Book Review: Cultivating Curiosity

I read a professional book titled Cultivating Curiosity by Wendy L. Ostroff that is worth sharing. Here I discuss the ways in which I have implemented some of her ideas and approaches into my teaching practice.


But first, below is a bit about the book from the ASCD website:

Curiosity comes from within—we just have to know how to unleash it.

We learn by engaging and exploring, asking questions and testing out answers. Yet our classrooms are not always places where such curiosity is encouraged and supported.

Cultivating Curiosity in K–12 Classrooms describes how teachers can create a structured, student-centered environment that allows for openness and surprise, where inquiry guides authentic learning.

Award-winning educator Wendy L. Ostroff shows how to foster student curiosity through exploration, novelty, and play; questioning and critical thinking; and experimenting and problem solving.

With techniques to try, scaffolding advice, and relevant research from neuroscience and psychology, this book will help teachers harness the powerful drive in all learners—the drive to know, understand, and experience the world in a meaningful way.

You can read excerpts by clicking here.

I used to have a room next door to the late Pete Pew, Hart High social studies teacher extraordinaire.  He would often pop in to chat about students and educational topics.

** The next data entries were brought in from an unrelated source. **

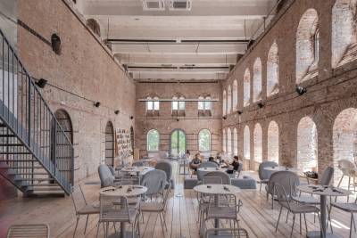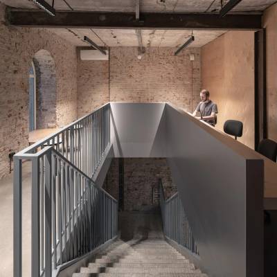 К моменту начала работы в пространстве сохранилось минимальное количество декора. Однако в основе концепции лежит максимальное уважение к подлинному: все вмешательства выполнены в подчеркнуто современном стиле, контрастируя с голой кирпичной кладкой старинных стен и оригинальными деталями, и являются исключительно функционально обоснованными.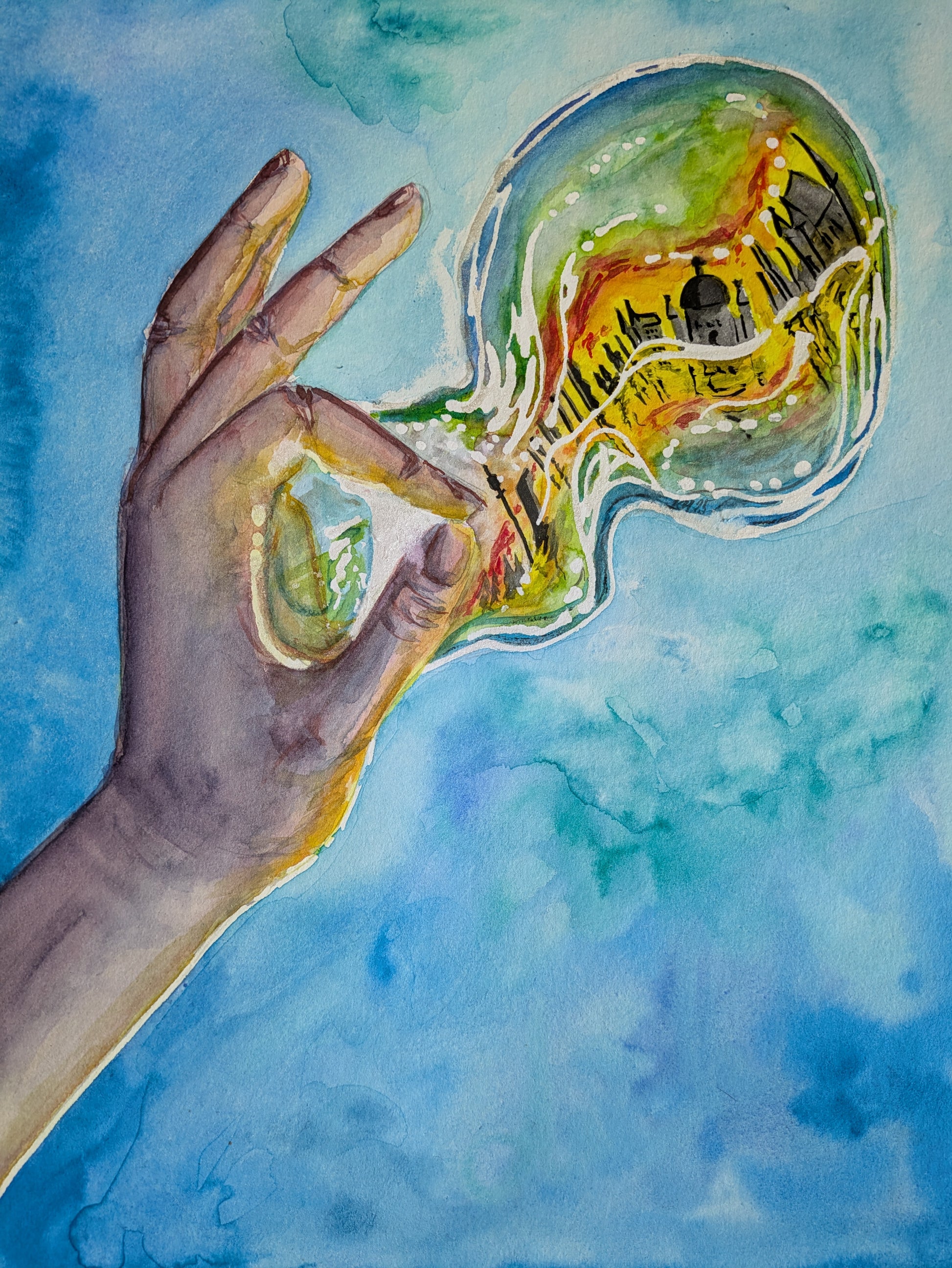 Seifenblase, Hand, Skyline Wien, bunt, ohne Rahmen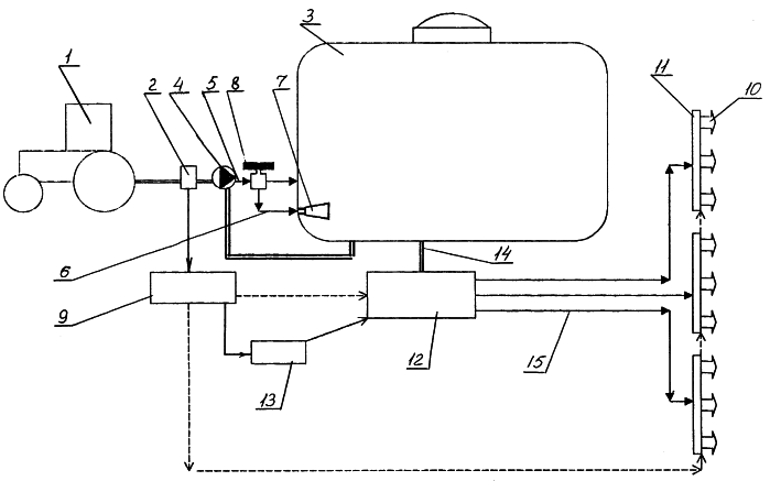 На чертеже представлен штанговый опрыскиватель. Штанговый опрыскиватель содержит энергетическое средство 1, с приводом 2 (ВОМ энергетического средства). От привода 2 приводится в работу система гидроперемешивания рабочей жидкости в резервуаре 3. Система гидроперемешивания включает гидронасос 4, который соединен трубопроводом 5 с резервуаром 3 и трубопроводом 6 с гидромешалкой 7. Система гидроперемешивания снабжена регулятором давления 8. Привод 2 энергетического средства 1 взаимодействует с генератором 9, который питает электроэнергией двигатели, установленные на каждом распыляющем рабочем органе 10, закрепленном на штанге 11. Распыляющие рабочие органы 10 выполнены в виде дисковых распылителей. Одновременно генератор 9 питает электроэнергией насос-дозатор 12 и блок управления 13 насоса-дозатора 12, который посредством трубопровода 14 соединен с резервуаром, а через трубопроводы 15 подает рабочую жидкость к каждому рабочему органу 10. Блок управления 13 выполнен с возможностью регулирования нормы расхода рабочей жидкости в зависимости от скорости движения энергетического средства, а также отключения и включения дисковых распыляющих рабочих органов в конце и начале гона поля.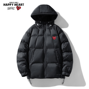 式 太平鸟男装 衬衫 宽松短款 保暖外套黑色防寒夹克 轻薄羽绒服冬季

One topic we would return to time and time again was the idea of intrinsic motivation. He noted that he found the kids who were most intrinsically motivated performed better and wondered how we could encourage or create intrinsic motivation.  Ostroff has a chapter dedicated to this very concept titled, “Embrace Intrinsic Motivation.”  What I love is that she doesn’t simply throw up her hands and say that by high school students beliefs about who they are as learners cannot be changed (but I know I have felt this way at times and I have also heard other teachers say it is simply too late for them to change!). Instead Ostroff examines ways in which teachers can help students tap into their motivation and retain it.  She also cautions about what can harm intrinsic motivation (who would think praise can be harmful? It can!).

Here is what I tried…

“Sincere wonder and interest, plus a degree of freedom, is the recipe for keeping students intrinsically motivated.”
-Wendy L. Ostroff

My students have been creating a TED Talk as a final project for the past few years.  I used to provide a list of topic choices, but this year I tried a different approach.  As this is a year-long project, I began by tapping into their curiosities in the fall.  Ostroff details an exercise called “Everything is interesting” and I did something similar.  In their Writer’s Notebooks students created a list of potential topics for subjects they are highly familiar with and imagined ways in which they could present these to the class.  Then a few demonstrated the topics in interesting and thought-provoking ways.  Some were over the top and ridiculous, but they found that they enjoyed having the freedom of choice (in both topic and presentation).  They demonstrated their understanding of the material AND they were given permission to be creative in their demonstration.  Over the course of the year they identified a new topic to explore (sometimes switching ideas as their interests changed), researched (books, articles, other TED talks, movies, etc.), rhetorically analyzed sources, wrote a 4-6 page research paper with in-text citations, and are now preparing to bring the research to life for an audience of their peers.  This year more than any other I have seen the power that wonder and freedom can have on our students.  They had (structured) power over their own learning and this gave them the motivation they needed. They wholeheartedly have embraced the project and they spend time out of class deepening their understanding of a topic they care about.  And the best part?  They are using all the skills we learn in class and demonstrating mastery of the anchor standards.

Students researching and writing in preparation for their TED Talks.  

If you are looking ways to infuse more inquiry in your classroom, please pick up a copy of Cultivating Curiosity…or borrow mine!  The “Curiosity Techniques to Try” embedded in every chapter and her introduction on how to cultivate curiosity have helped me to reflect as a teacher.  Now I am asking more questions and building in more opportunities that may lead to failure-on my part and the students- but I have found that these opportunities also lead to the best surprises.  My students have come to point of being much more autonomous with their learning, more intrinsically motivated, and (I know this is going to sound shocking) they are learning simply for the sake of learning.